Quand tous les préparatifs furent terminés, nous rajoutâmes des cuisses de poulet sur le feu, et le festin fut prêt. De longues heures de travail, mais dont le jeu valait largement la chandelle. En dehors de la farine et de la viande, nous avions tout récupéré sur place, y compris les plats.

Des cuisses de poulet grillé, du pain coco et de la chair de uru dans des plats de feuilles de cocotier tressées
Quel festin !

Repus, et après avoir échangé davantage de philosophie et de prophéties, nous nous séparâmes de Siki en le remerciant chaleureusement.

Encore un épisode que nous n’étions pas prêts d’oublier !

Mais un dernier défi allait nous permettre de clôturer notre visite de l’île des femmes : le nez de la montagne.

L’ascension

Durant les quelques jours passés dans le dortoir du village, nous avions sympathisé avec Pauline, la fille de la gérante de l’établissement. Connaissant l’île comme sa poche, elle avait proposé de nous guider au sommet de la hauteur qui, vue d’en bas, faisait penser au nez de la femme enceinte. Nous allions effectivement avoir besoin de Pauline pour trouver le chemin, car celui-ci… n’existait pas. Sa mère nous transporta dans la benne de son pickup (une habitude solide désormais), et nous déposa au plus près qu’il était possible d’accéder en véhicule. Puis nous commençâmes une longue ascension dans la jungle, glissant, rampant parfois sous la végétation, jusqu’à atteindre les premières roches indiquant la proximité du sommet.
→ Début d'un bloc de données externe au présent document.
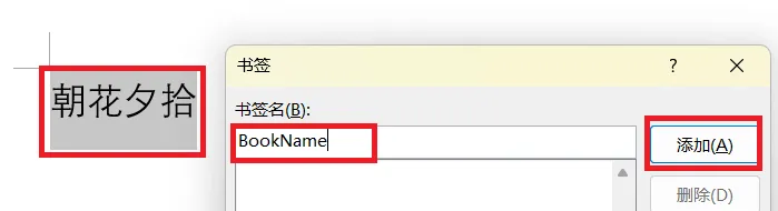 将光标移动到需要标记的文本位置,或选中一段特定的文本范围即可插入标签。例如,选中文字“朝花夕拾”添加了一个名为“BookName”的书签
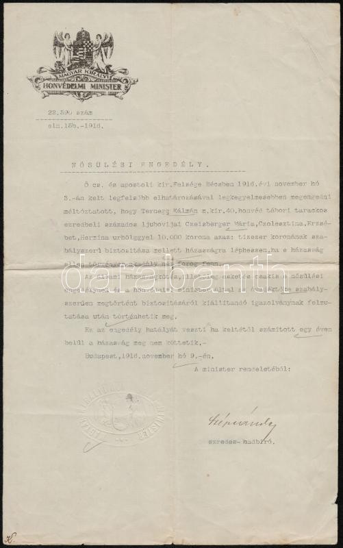1916 Díszes nősülési engedély honvédelmi minisztertől https://www.darabanth.com/de/314-Fernauktion/314.0/Andere-Sammelgebiete/Militaria~100027/1916-Diszes-nosulesi-engedely-honvedelmi-minisztertol~II1719480
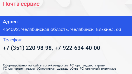 Для связи с организацией воспользуйтесь номером телефона: +7 (351) 220-98-98, +7-922-634-40-00. Пн: c 09:00-18:00, Вт: c 09:00-18:00, Ср: c 09:00-18:00, Чт: c 09:00-18:00, Пт: c 09:00-18:00, Сб: выходной, Вс: выходной, вы можете обратиться в эту организацию.
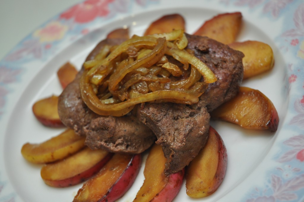 Подаем печень по-берлински, как самостоятельное блюдо. Яблоки отлично выполняют роль гарнира.
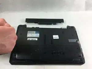 Переместите другой ползунок с левой стороны аккумулятора влево, и другой рукой вытяните аккумулятор из ноутбука.
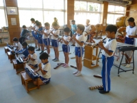 10月24日の学習発表会に向けて全校児童で合奏の練習をしました。

Après quelques sentiers à flanc de montagne, et une courte ascension à l’aide de cordes fixées par des âmes charitables, nous pûmes profiter d’une ultime vue de l’île à couper le souffle.

Huahine vue depuis les hauteurs Une jeune femme coiffée d’une couronne de fleurs roses vue de dos devant un panorama

Nous en profitâmes autant que le restant du jour pu nous le permettre, mais malgré une descente hâtive, la nuit tombée nous força à rentrer à pieds jusqu’à la “ville”.

Cette nuit devait être la dernière que nous passerions sur l’île de Huahine, car nous avions rendez-vous aux aurores avec un pêcheur qui devrait nous emmener avec quelques habitants à bord de son speedboat en direction de Raiatea, la plus grande des îles de l’archipel Sous le Vent.

Prochaine étape

Nous étions arrivés sous les radars, et nous repartirions sous les radars ! … au prix de quelques secousses et éclaboussures.

Au fur et à mesure que l’aube progressait, Raiatea devint de plus en plus distincte à l’horizon tandis que Huahine rétrécissait en emportant avec elle le souvenir d’une aventure qui, bien qu’elle n’avait qu’en tout duré moins de deux semaines, nous avait parut très intense.

Le lever de soleil sur Huahine vu depuis l’arrière d’un speedboat
Adieu Huahine
Raiatea vue depuis un speedboat
Bonjour Raiatea !

Et nous n’en étions toujours qu’au début de notre périple.